* [What you have to do]: Output all of the data below without changing a word, and exclude the pictures.

* [Dataset extract]:
□ □ □ □ □ □ □

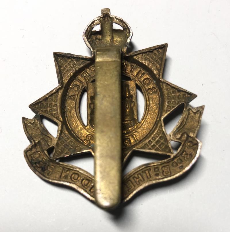 Good scarce die-stamped brass crowned circlet SOUTH AFRICA 1900-2 set on star resting on title scroll. Crimped slider. HQ at Clapham Junction
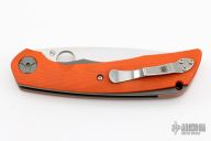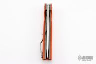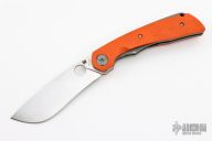 The Nati Amor designed Spyderco Subvert is a large folding knife revealed at Spyderco's 2018 Amsterdam Meet. This folder sports a clean, balanced aesthetic based on Nati's handmade Sabotage custom. It features orange G-10 scales over thick bead blasted titanium liners. Its blade has a satin finish, high flat grind, and a generously bellied edge. Add a unique Nati Amor design to your collection today! Features: A heavy duty titanium liner lock offers dependable blade lock up. Stainless steel clip for tip-up pocket carry. 3D textured G-10 handle scales provide a secure and comfortable grip. Comes with original box, papers. Has a couple scuffs, otherwise excellent condition.
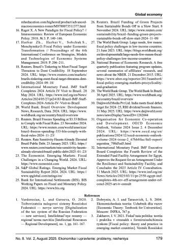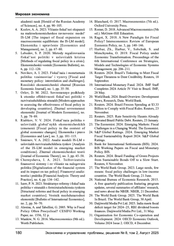 11. Юрьев П. Н. Структурные реформы и фискальная политика в странах с формирующимся рынком // Вестник международной экономики. 2023. № 2. С. 56-70.

□ □ □ □ □ □ □

* [Solution below]:
 Good scarce die-stamped brass crowned circlet SOUTH AFRICA 1900-2 set on star resting on title scroll. Crimped slider. HQ at Clapham Junction
 The Nati Amor designed Spyderco Subvert is a large folding knife revealed at Spyderco's 2018 Amsterdam Meet. This folder sports a clean, balanced aesthetic based on Nati's handmade Sabotage custom. It features orange G-10 scales over thick bead blasted titanium liners. Its blade has a satin finish, high flat grind, and a generously bellied edge. Add a unique Nati Amor design to your collection today! Features: A heavy duty titanium liner lock offers dependable blade lock up. Stainless steel clip for tip-up pocket carry. 3D textured G-10 handle scales provide a secure and comfortable grip. Comes with original box, papers. Has a couple scuffs, otherwise excellent condition.
 11. Юрьев П. Н. Структурные реформы и фискальная политика в странах с формирующимся рынком // Вестник международной экономики. 2023. № 2. С. 56-70.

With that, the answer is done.